There are two primary levels of statistics the planner uses for pruning:

Partition-level stats: Stored in the Iceberg manifest list, these stats describe the range of partition values for all the data in a given Iceberg manifest file. For a partition on day(event_timestamp), this would be the earliest and latest day present in the files tracked by that manifest.

Column-level stats: Stored in the manifest files, these are more granular stats about each individual data file. Data files in R2 Data Catalog are formatted using the Apache Parquet. For every column of a Parquet file, the manifest stores key information like:

The minimum and maximum values. If a query asks for http_status = 500, and a file’s stats show its http_status column has a min of 200 and a max of 404, that entire file can be skipped.
A count of null values. This allows the planner to skip files when a query specifically looks for non-null values (e.g., WHERE error_code IS NOT NULL) and the file's metadata reports that all values for error_code are null.
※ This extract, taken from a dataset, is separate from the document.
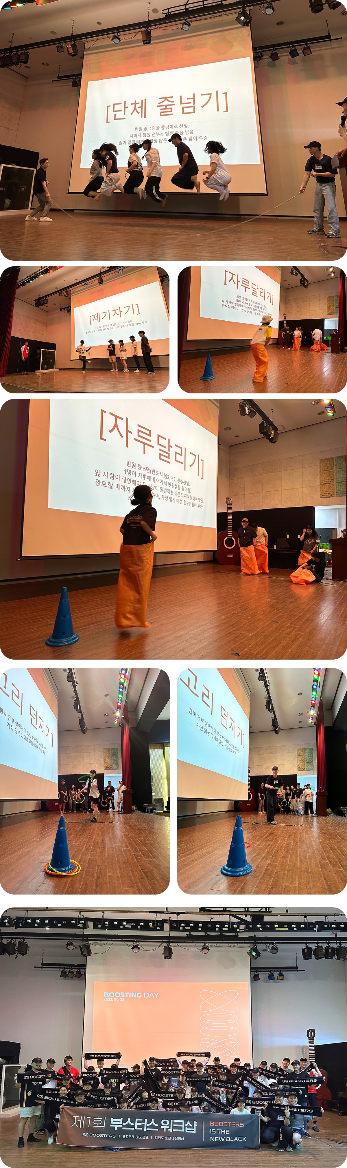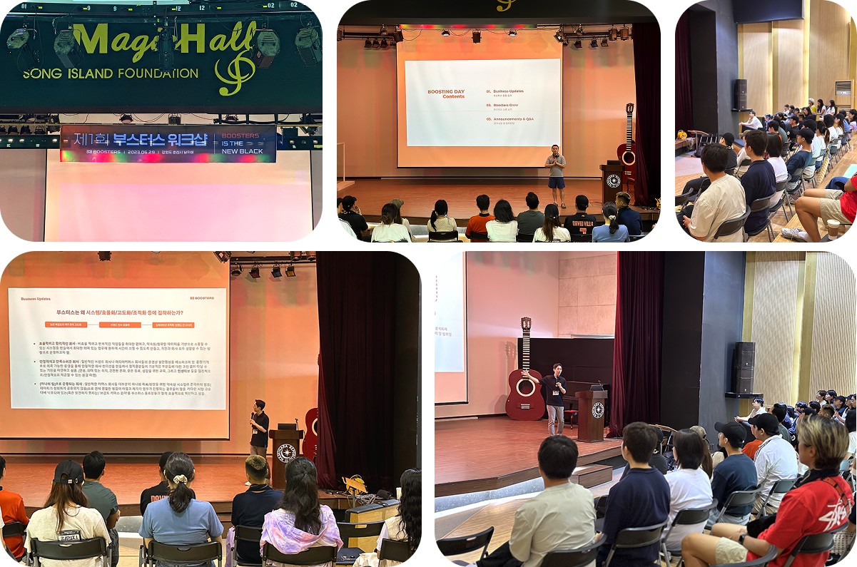 모두가 남이섬 내 매직 홀에 모여 6월 부스팅 데이를 진행했습니다. 매달 진행하던 방식대로 회사 주요 소식을 전하는 비즈니스 업데이트를 먼저 진행했습니다. 윤호 대표님이 직접 앞에 나와 부스터스의 비즈니스 모델에 대한 자세한 설명과 함께 앞으로 우리가 나아가야 할 방향에 대해 말씀 주셨어요. 그동안 앞만 보며 바삐 달렸던 우리를 다시 되돌아볼 수 있는 시간이 되었죠.

Now, let's see how the planner uses these stats as it walks through the metadata layers.

Pruning the search space

The pruning process is a top-down investigation that happens in three main steps:

Table metadata and the current snapshot

The planner begins by asking the catalog for the location of the current table metadata. This is a JSON file containing the table's current schema, partition specs, and a log of all historical snapshots. The planner then fetches the latest snapshot to work with.

2. Manifest list and partition pruning

The current snapshot points to a single Iceberg manifest list. The planner reads this file and uses the partition-level stats for each entry to perform the first, most powerful pruning step, discarding any manifests whose partition value ranges don't satisfy the query. For a table partitioned by day(event_timestamp), the planner can use the min/max values in the manifest list to immediately discard any manifests that don't contain data for the days relevant to the query.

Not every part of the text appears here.